DeferredIndexes are non-destructive during their life.  They do not loose pages, but the do loose key values.  At the end of each verb within a longer transaction Transaction::releaseSavepoint() calls an immediate record->scavenge() for record versions which have been changed more than once in the same transaction.  These scavenged records were never visible to any other transaction and are no longer needed.  Nether are the index entries.  So they are dropped from the Deferredindexes.  If a leaf bucket becomes empty, it is not deleted since the whole deferredindex has a short lifespan.  

DeferredIndexWalker::next() was not prepared for the first leaf bucket to be empty.  In this case, on the first call, it would return NULL.  So then nothing would be found in the deferredIndex.  

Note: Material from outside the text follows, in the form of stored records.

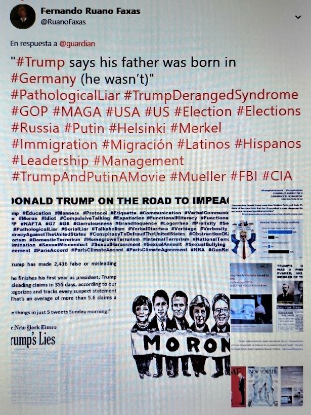 FERNANDO ANTONIO RUANO FAXAS. TRUMP, PUTIN, HELSINKI, ELECTION, RUSSIA, RUSIA, MUELLER, FBI, CIA, GOP, MAGA, CLINTON, FUNCTIONAL ILLITERACY, PATHOLOGICAL LIAR, FATHER, GRANDFATHER, GERMA
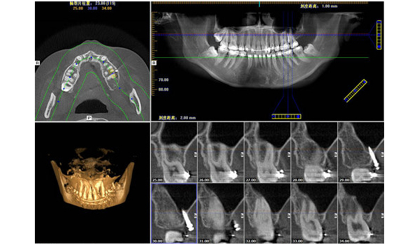 口腔種植科是_先應用CBCT并且是應用_多的口腔臨床科室之一。CBCT能為口腔種植提供精確的三維影像,可以很好的顯示頜骨的骨質(zhì)、骨量及下頜神經(jīng)管、上頜竇等組織結(jié)構(gòu)。當前CBCT結(jié)合第三方軟件Simplant進行種植手術(shù),CBCT掃描后數(shù)據(jù)輸入Simplant后進行模擬種植,建立可視化三維模型,并在其上設計_佳手術(shù)方案,制作種植手術(shù)導板,將種植體的理想位置轉(zhuǎn)移至患者頜骨內(nèi),大大降低了種植手術(shù)風險。
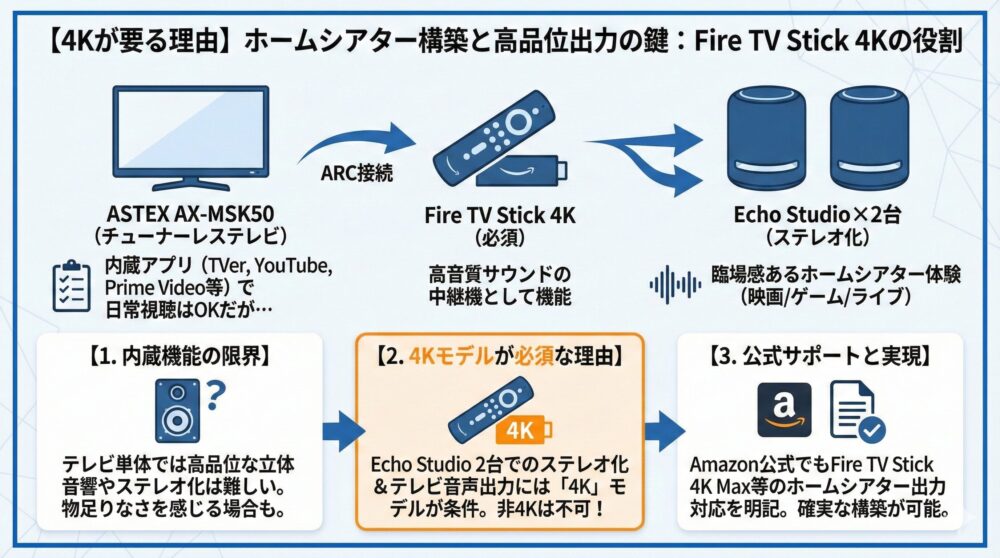 ASTEX AX-MSK50 →(ARC)→ Fire TV Stick 4K →(ホームシアター)→ Echo Studio ×2台
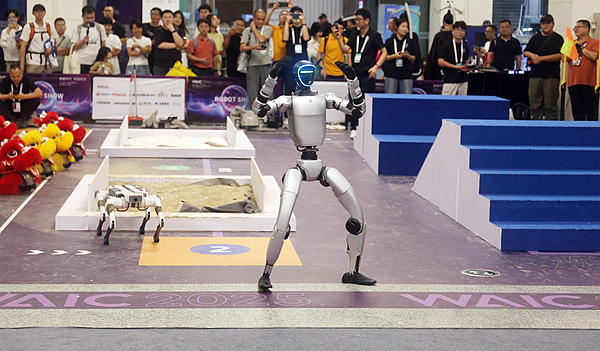 今年夏天在上海舉辦的世界人工智能大會上,展廳內隨處可見人形機器人在拳擊台上對打、四足機器狗用後腿站立、機器人為觀眾提供爆米花。幾周後,北京舉辦了首屆世界人形機器人運動會,機器人在賽事中賽跑、跳舞、踢足球,還完成了障礙賽挑戰。
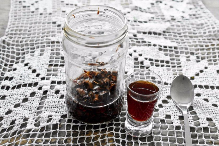 Według starych receptur pączki trzeba zemleć i zalać gorącym alkoholem 40 %. Ja zrobiłam im kilkuminutową kąpiel wodną w zakręconym słoiczku, w temperaturze około 60 st. C. Potem wyjęłam i pozostawiłam w ciepłym miejscu na 10 dni (w literaturze jest podawany czas 7-14 dni). Macerat codziennie trzeba wstrząsnąć. Po tym czasie można tinkturę przelać przez sitko i pozostawić w ciemnym miejscu. Na szczęście zakupiłam sporo brązowych butelek, nie muszę się już bać o dostęp światła. By wzmocnić działanie można nalewkę zrobić na spirytusie maforowym, zwiększy się działanie rozgrzewające. Takim maceratem możemy przecierać chore miejsca, czyli bóle mięśni, stawów, nerwobóle. Doskonała też na zakwaszone mięśnie.
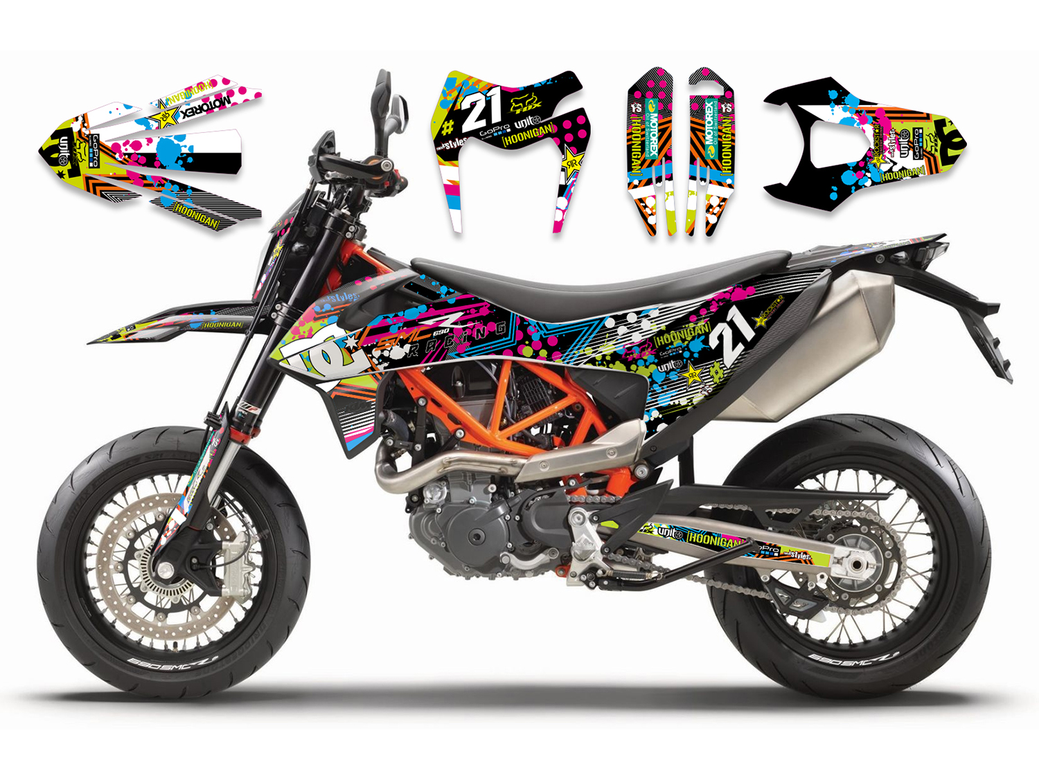 Description: Full decals kit for KTM SMC 690 R / ENDURO (2019-2024). This kit includes the following stickers: fork protectors le./ri., fender front/rear, rad covers le./ri., a full number plate kit and swingarm le./ri. in a DC-DOTS design.
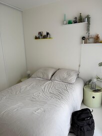 La cuisine est entiÚrement équipée : plaque à induction, four, lave-vaisselle, réfrigérateur, grille-pain, cafetiÚre, bouilloire, fer à repasser, sÚche-cheveux.
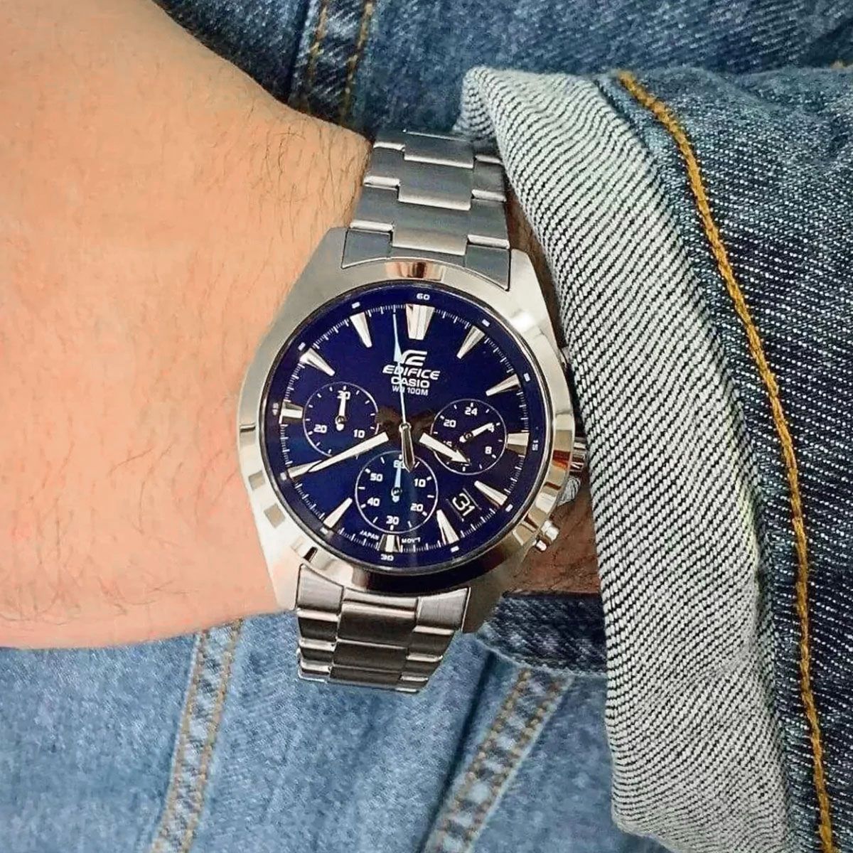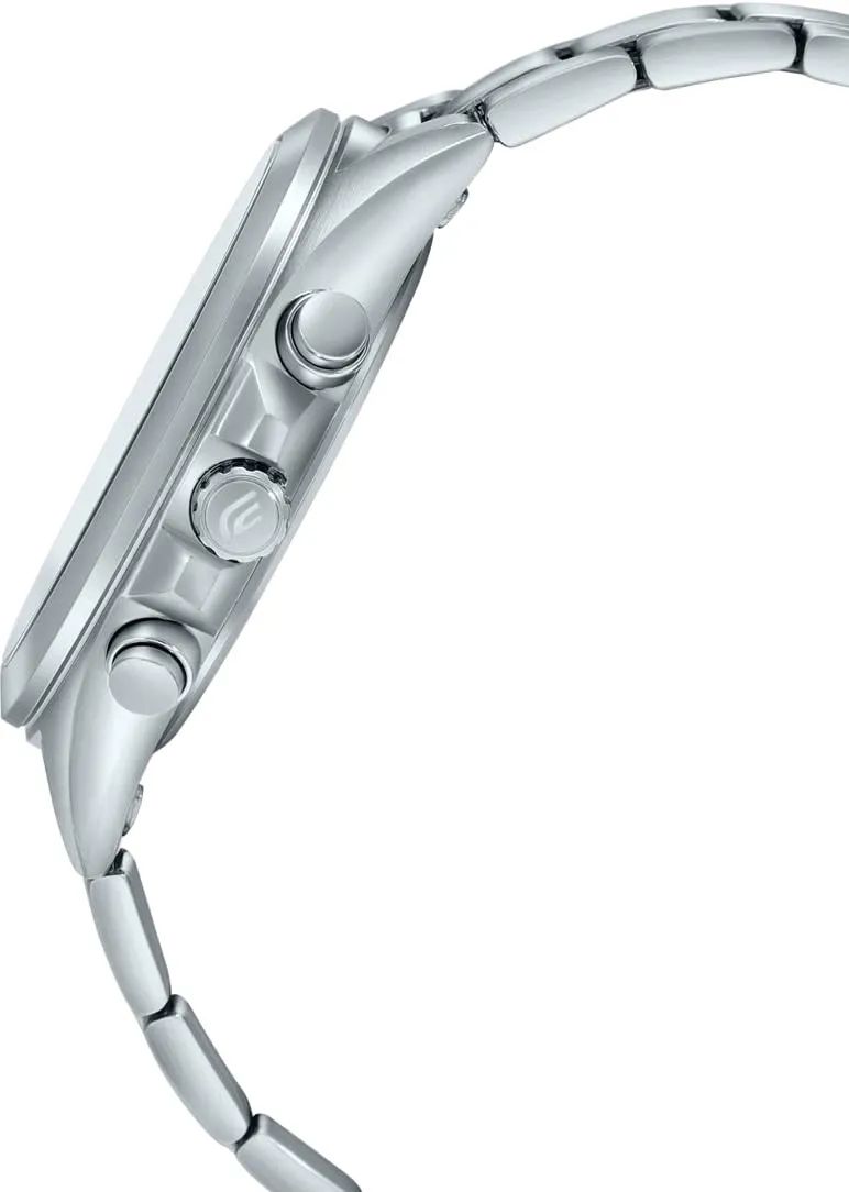 Мужские кварцевые аналоговые часы-хронограф с секундомером. Коллекция Edifice. Центральные часовая, минутная и секундная стрелки. Синий циферблат с часовыми метками в виде штрихов. Стрелки и метки с люминесцентным покрытием, которое светится в темноте после непродолжительного воздействия света. Окошко даты между метками 4 и 5 часов. Секундомер с точностью показаний 1 с и временем измерения 30 мин. Режимы измерения: прошедшее время, промежуточное время, два финишных результата. 12-ти и 24-х часовой формат отображения времени (дополнительный малый циферблат в позиции 3 ч). Устойчивое к мелким механическим повреждениям минеральное стекло. Круглый корпус из нержавеющей стали. Размер корпуса 49,5 мм на 43,9мм, толщина 10,8мм. Переводная головка с защитой. Завинчивающаяся задняя крышка. Стальной браслет с тройной раскладывающейся застежкой. Батарейка рассчитана на 3 года. Водонепроницаемость WR100 (плавание и погружение без акваланга). Вес примерно 130 г.
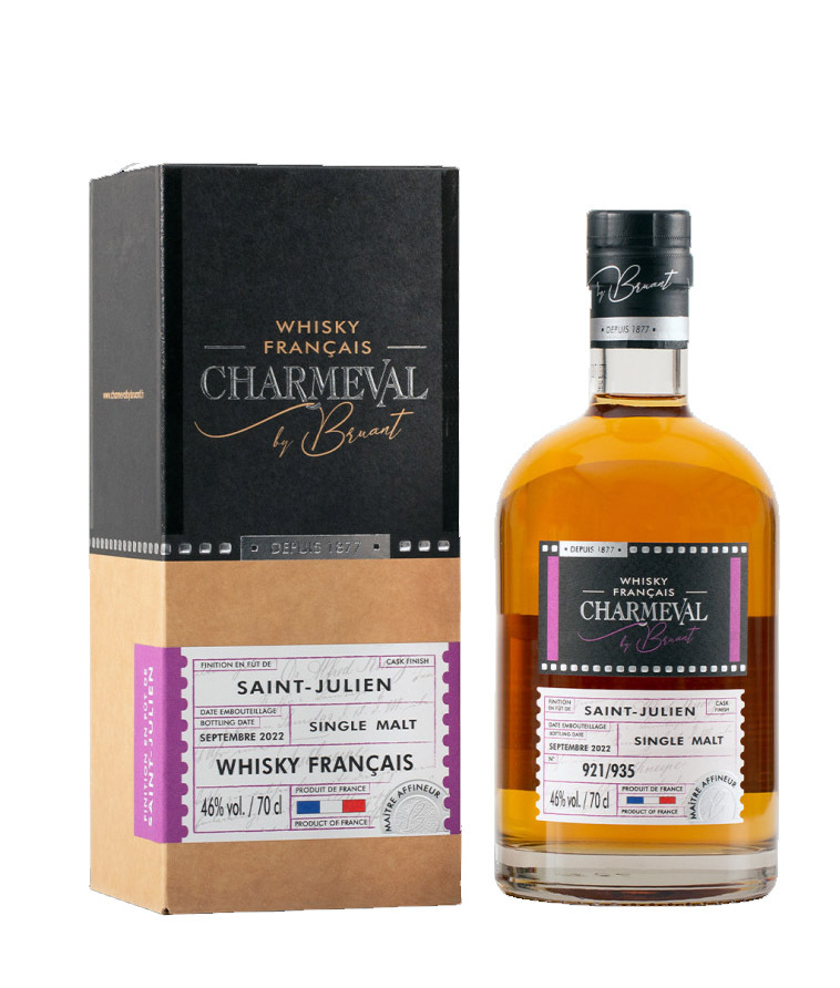 Po troch výnimočných finišoch Bruant teraz predstavuje svoje dve nové francúzske whisky. Charmeval Saint Julien je single malt whisky vyrobená zo zmesi najlepšieho jačmeňa, ktorý sa zbieral, skladoval, destiloval a dozrieval vo výnimočných sudoch. Táto whisky najprv zreje v dubových sudoch, potom niekoľko mesiacov dozrieva v sudoch Saint Julien.
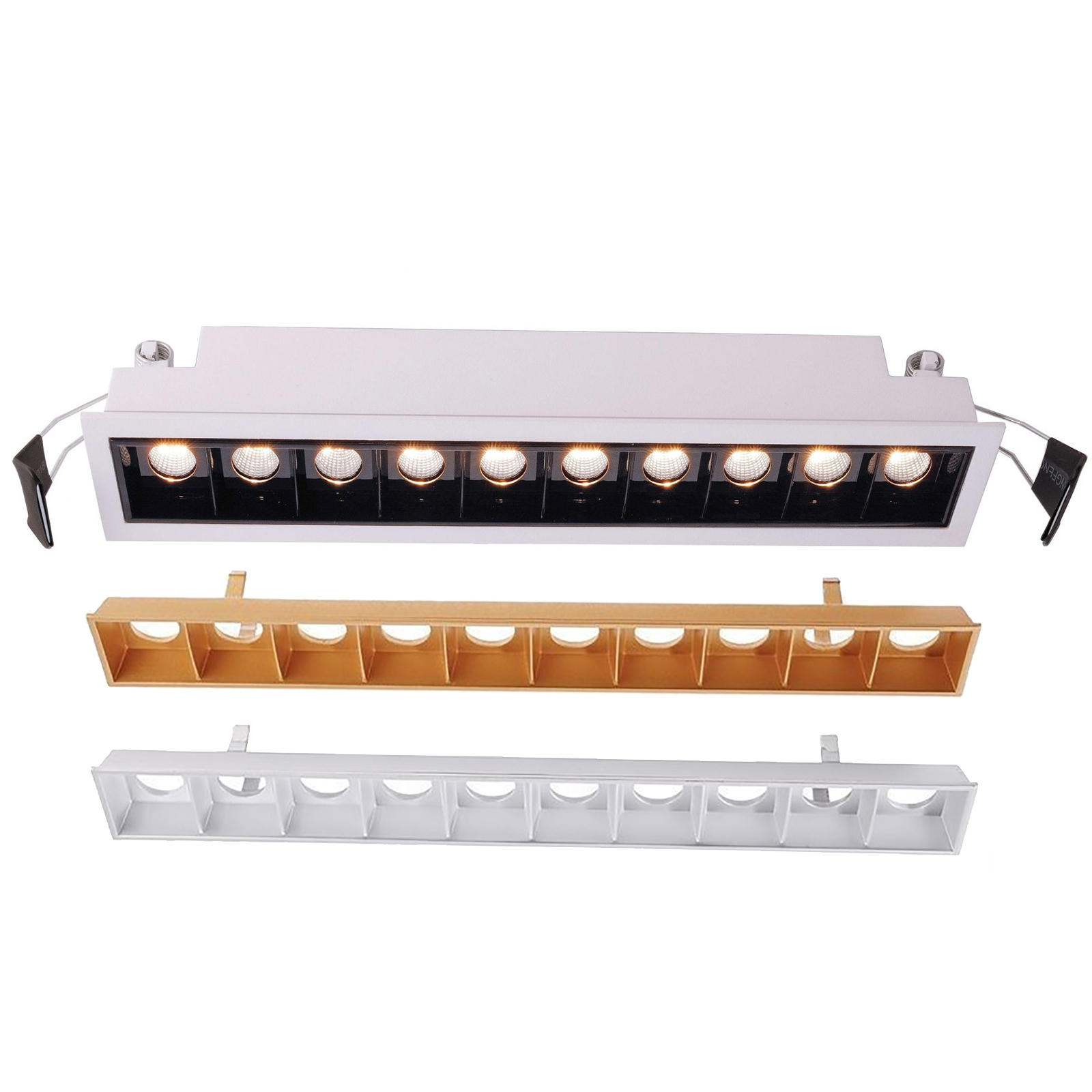 Dimensioni del foro per l'incasso: 250mm x 36mm - Dimensioni del faretto: 257mm x 52mm x 44mm
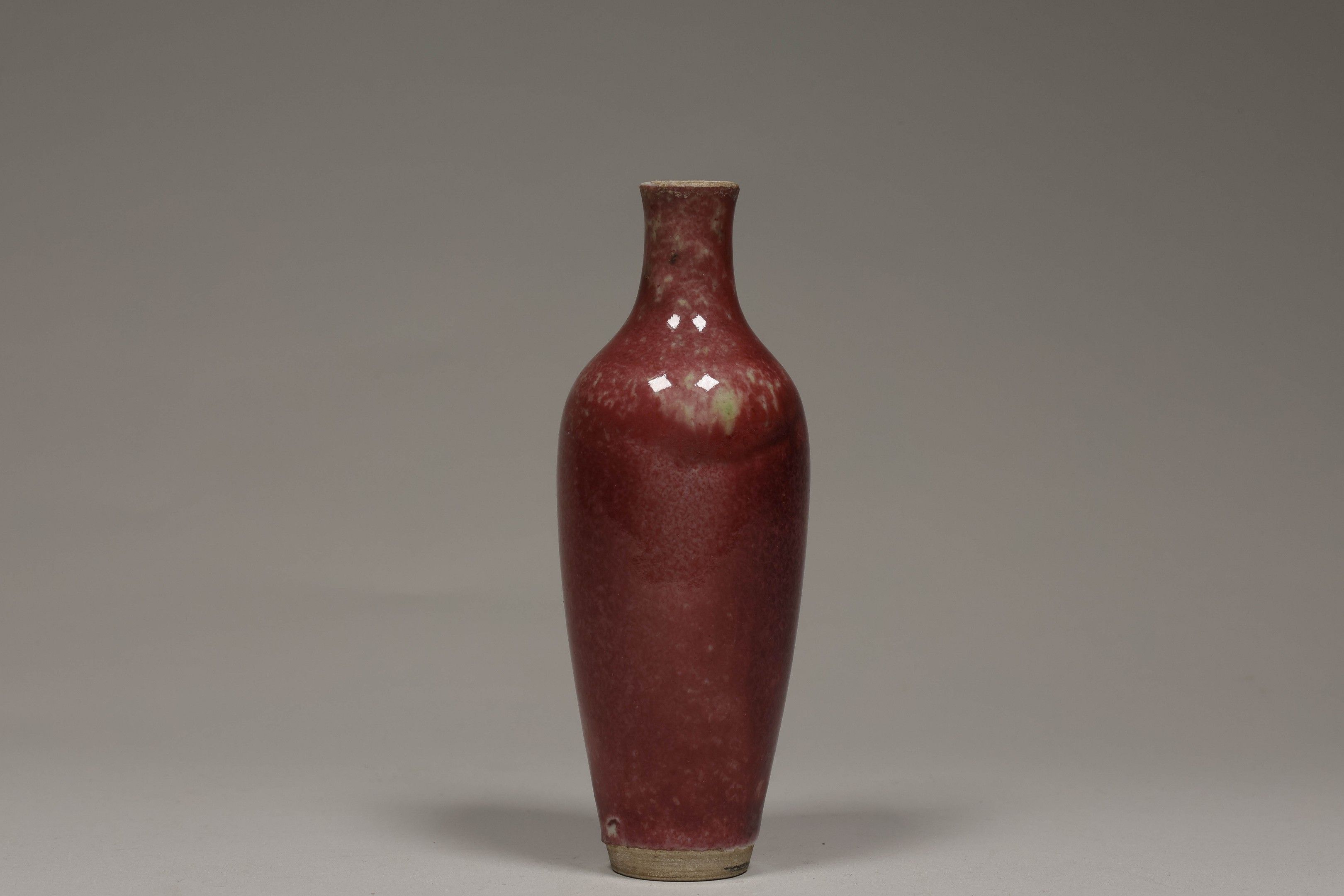 A small porcelain vase of baluster form, tapering into a "willow leaf" shape, covered throughout with a "peach skin" glaze. An apocryphal Kangxi mark with six characters in cobalt blue under the base.

This happened a lot of times during a typical GENTEST run.  It was not always incorrect because completed index pages contain the same record number with lots of different key values.  The scavenger cannot clean them up fast enough.  A smaller transaction that does not have an empty first leaf bucket can update all of the records previously inserted in a transaction that had this problem.  So over time, GENTEST was able to correct for missing index entries by updating the records again, based on a non-indexed WHERE clause.

Nevertheless, this is a serious and far-reaching bug. It affects indexes only by leaving data out of them.  Since Falcon always compares against the record before returning, Falcon would not return the wrong record, but it might not return all the matching records.
[3 Nov 2008 0:33] Bugs System
A patch for this bug has been committed. After review, it may
be pushed to the relevant source trees for release in the next
version. You can access the patch from:

  http://lists.mysql.com/commits/57650

2897 Kevin Lewis	2008-11-02
      Bug#40112 - DeferredIndexWalker::next() was not prepared for the first 
      leaf bucket to be empty.  But it can become empty after several verbs 
      in the same transaction change the same records.  
      
      When the same record is changed more than once in the same transaction, 
      the older unneeded versions are deleted along with the index entries.  
      Even though DeferredIndex key nodes can be deleted, the buckets are not.  
      
      If the first leaf bucket is empty, DeferredIndexWalker::next() would 
      return NULL on the first call.  In SRLUpdateIndex::append(), this would
      result that nothing would be put into the Serial log at commit time for 
      this DeferredIndex.  Then this DefferedIndex would not get put into 
      index pages.
      
      The solution is to only return NULL on the first call to 
      DeferredIndexWalker::next() if the first leaf bucket is empty AND there 
      is no parent bucket.  Otherwise, use the normal mechanism to advance to 
      the next slot.
[20 Nov 2008 12:56] Bugs System
Pushed into 6.0.8-alpha  (revid:klewis@mysql.com-20081103003304-csz2vz6s191gqm32) (version source revid:klewis@mysql.com-20081103003304-csz2vz6s191gqm32) (pib:5)
[13 Dec 2008 10:03] MC Brown
A note has been added to the 6.0.8 changelog: 

The indexes and record contents of a FALCON table could get out of synchronization during a lrge number of updates. Because FALCON returns data only if it matches both the index and record data the result sets returned could be invalid when comparing the results of an index and non-index based SELECT.